Ricky introduced her to his grandmother who made a rare dinner appearance. Lydie Sudder was over seventy and had that uncomfortable gait of one who suffered arthritis. “You have a very nice grandson,” Mel observed. “Is it just the two of you?”

“Yes,” she said. “I lost my son and daughter-in-law in an accident when he was just a little thing. I’d sure worry about him if it weren’t for Jack. He’s been looking out for Ricky since he came to town. He looks after a lot of people.”

“I can sense that about him,” Mel said.

The March sun had warmed the land and brought out the buds. Mel had a fleeting thought that seeing this place in full bloom would be glorious, but then reminded herself that she would miss it. The baby—little Chloe—was thriving and several different women from town had stopped by to offer babysitting services. She realized that she’d been here over a week—and it had passed like minutes. Of course, never getting more than four hours of sleep at a stretch tended to speed up time. She’d found living with Doc Mullins to be more bearable than she would’ve thought. He could be a cantankerous old goat, but she could give it back to him just as well, something he seemed to secretly enjoy.
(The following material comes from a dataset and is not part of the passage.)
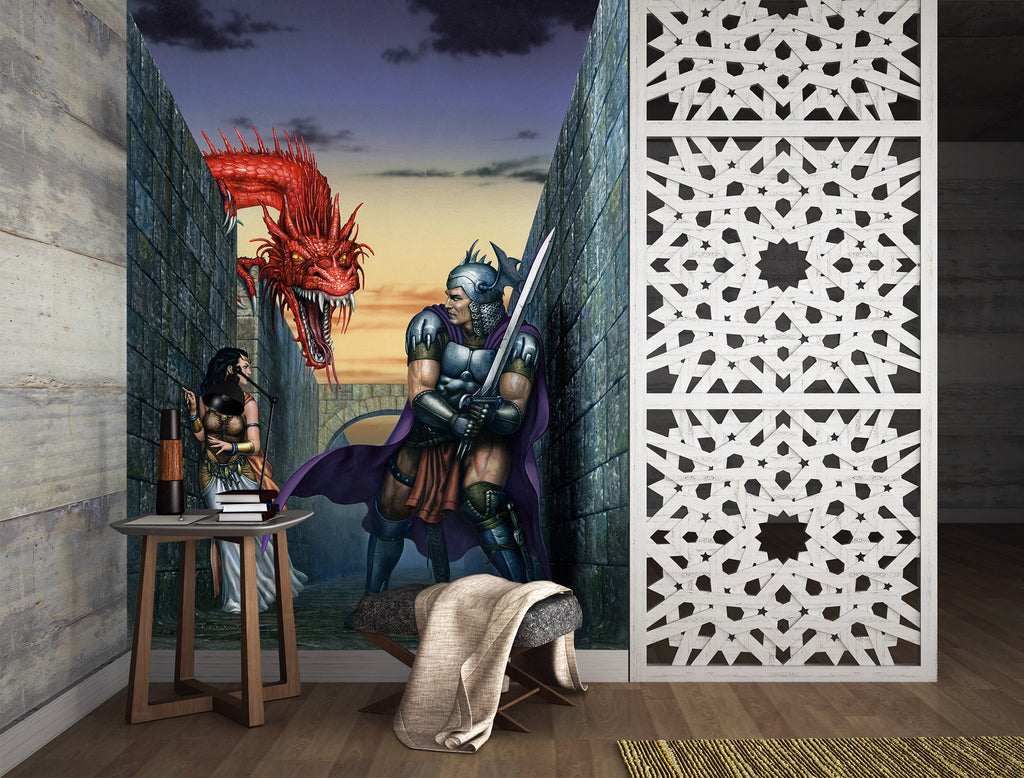 3D Red Dragon Soldier Woman 7101 Ciruelo Wall Mural Wall Murals Sinsin
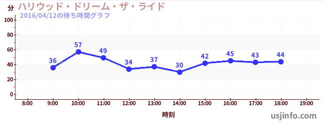 • ハリウッド・ドリーム・ザ・ライド$B$N(B2016年04月12日の待ち時間

One day, when the baby was asleep and there were no patients or calls, Doc got out a deck of cards. He shuffled them in his hand and said, “Come on. Let’s see what you got.” He sat down at the kitchen table and dealt the cards. “Gin,” he said.

“All I know about gin is that you mix it with tonic,” she told him.

“Good. We’ll play for money,” he said.

She sat down at the table. “You plan to take advantage of me,” she said.

“Oh, yes,” he confirmed. And then with a smile so rare, he began to tell her how to play. Pennies for points, he told her. And within an hour she was laughing, winning, and Doc’s expression was getting more sour by the minute, which only made her laugh harder. “Come on,” she said, dealing. “Let’s see what you got.”

The sound of someone coming through the front door temporarily stopped the game and Mel said, “Sit tight, I’ll see who it is.” She patted his hand. “Give you time to stack the deck.”